A place of writing and reflection…
This is a faithful saying and worthy of all acceptance, that Christ Jesus came into the world to save sinners, of whom I am the worst. But I received mercy for this reason, that in me, first, Jesus Christ might show all patience, as an example to those who were to believe in Him for eternal life. Now to the eternal, immortal, invisible King, the only wise God, be honor and glory forever. Amen.
—1 Timothy 1:15-17
So Christmas has come and gone this week.
Our tree still stands in the kitchen—at least until New Years with no more packages littering it’s base. (Our eighteen-month-old got to open most of them.) We had homemade Chinese for dinner with sweet and sour pork, chicken fried rice, and Chinese doughnuts (as may very well become family tradition). We spent a good portion of the day just spending time together, resting from the work week, and making sure big sister didn’t hit little sister with her play frying pan again.
Last year we bought our first tree—a six foot white one we decorate with blue and silver ornaments our toddler likes to take off of it. Last year it guarded a small pile of gifts for friends and family. This year our tree did the same with its cool glow of blue lights our two-month-old loves to stare at from her swing.
But this year was different.
You see we went through a rough patch, financially, after coming back from our Texas trip while we tried to get my husband a job change. Three of those boxes under that tree only contained gifts because they had been bought before our trip, one of which was actually a forgotten birthday gift repurposed for the season.
I’m not complaining.
I’m actually grateful.
But I was even more grateful when my husband landed his new job and we were able to cover the important things—like bills.

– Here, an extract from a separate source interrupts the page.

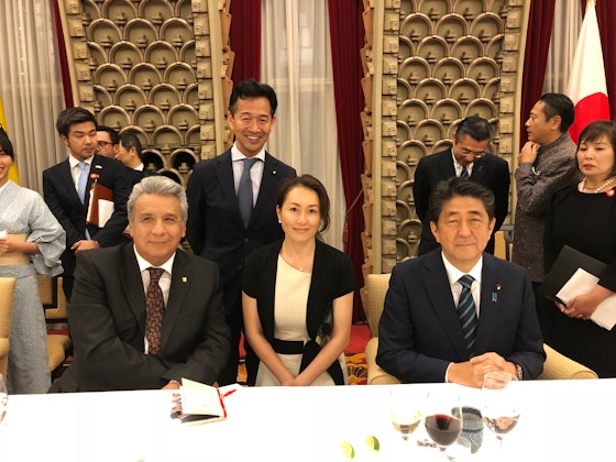 エクアドル共和国大統領レニン・ボルタイレ・モレノ・ガルセス氏、および同夫人の来日を歓迎する晩餐会が総理大臣公邸にて開催され、以前より大統領と親交のある石坂も招待され、出席いたしました。
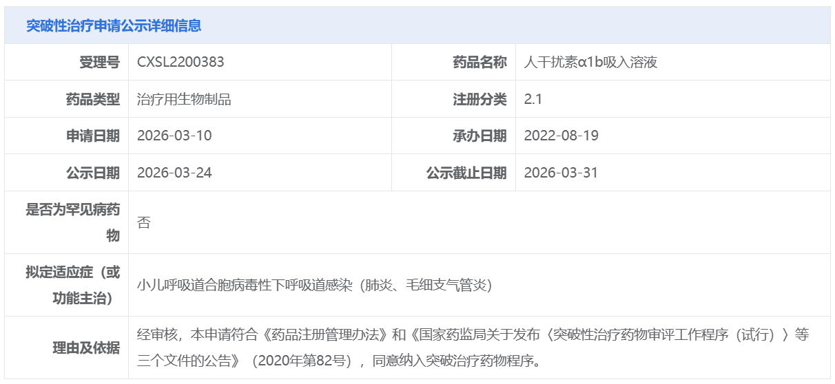 科兴药业的人干扰素α1b吸入溶液获CDE拟纳入突破性治疗品种

Something else I’m grateful for.
Ever since I was a kid I always remembered being told by my mother how tight money was in our house. But every year without fail she would give my brother and I the Sears wish book and tell us to pick something out $20 or under. I vaguely remember highlighting things like dolls and such and getting onto my brother for always picking the ones that were so much more expensive.
“Mom can’t afford that,” I would tell him to no avail.
And yet for some reason every year that really expensive item would find its way under the tree for him.
I couldn’t make sense of it.
If we were poor, why would you put yourself in debt to pay for something you said we can’t afford, mom?
Granted she was trying to be a “good mom”, but she was also spoiling my brother by going outside her means (and rules) for him.
Yes, there was that slight tinge of jealousy as such never have been allowed for me, but my main concern was for the money spent on those highly priced gifts.
Even more so as adult it draws my concern as I see pictures of Christmas trees drowning in gifts.
Not from jealousy.
What happened to the meaning of Christmas?
The Savior born to save the souls of man? The gift from God that should inspire those gifts we place beneath artificial branches?
My husband says his best Christmas he can remember was not one of enormous mounds of gifts either.
He and his brother both got sweaters that year and mom had him pose with his in front of a dresser. It had been a difficult time for mom that year, but this occasion best for Charles.
A friend recently said she didn’t care much for Christmas because of the gifts.
“People stress themselves out trying to buy the perfect gift, spend more money than they need to, and then they’re disappointed on Christmas day when they don’t get what they wanted”, she said.
I might have to agree.
Maybe its this year’s tight budget that helps, but I doubt it.
Money is not the issue.
It’s more like maturity.
I guess I’ve grown past the childish need for gifts and while I want to give our children such on this day of days I want them both to understand we don’t do it because it’s “the thing to do” or because a man in bright red suit cheers us to do so.
No, I want them to know its because of the Christ child born so long ago—God’s gift to us who would die for our salvation only a few years later. I want to teach them that the number of packages under the tree or the dollar amount spent should never be the focus.
Will I buy them gifts?
Will the tree be swimming in them?
Probably—most likely—not. And not because of money.
Because of the real reason for the Season.
Jesus Christ our Lord.
My mother-in-law is a good example of this as she had all her grandbabies gather for a birthday party for Jesus this year as she has before. They made a cake and decorated with birthday banners and balloons. They sang happy birthday to Jesus and even made gifts for Him. One year they made paper hearts and put them in a stocking hung up on the wall just for Jesus.
It sounds strange, but it’s really not.
Mom wants to teach her grandkids what she didn’t know before when she was raising four young children of her own.
Likewise we have a chance, as her children, to teach our own the proper meaning of Christmas—and make it a different kind of Christmas.
A Christmas not engulfed in wrapping and bows, the years hottest toys, or latest goofy gadgets.
My husband told me this year he felt bad he didn’t buy me anything. But I don’t think I really needed anything this year.
Gifts are nice, yes.
But I’d rather watch our daughters smiling and giggling at each other under tree in their warm fuzzy Christmas jammies than to fret about buying them the next big thing.
The next big thing already came and it’s our job to teach them about Him.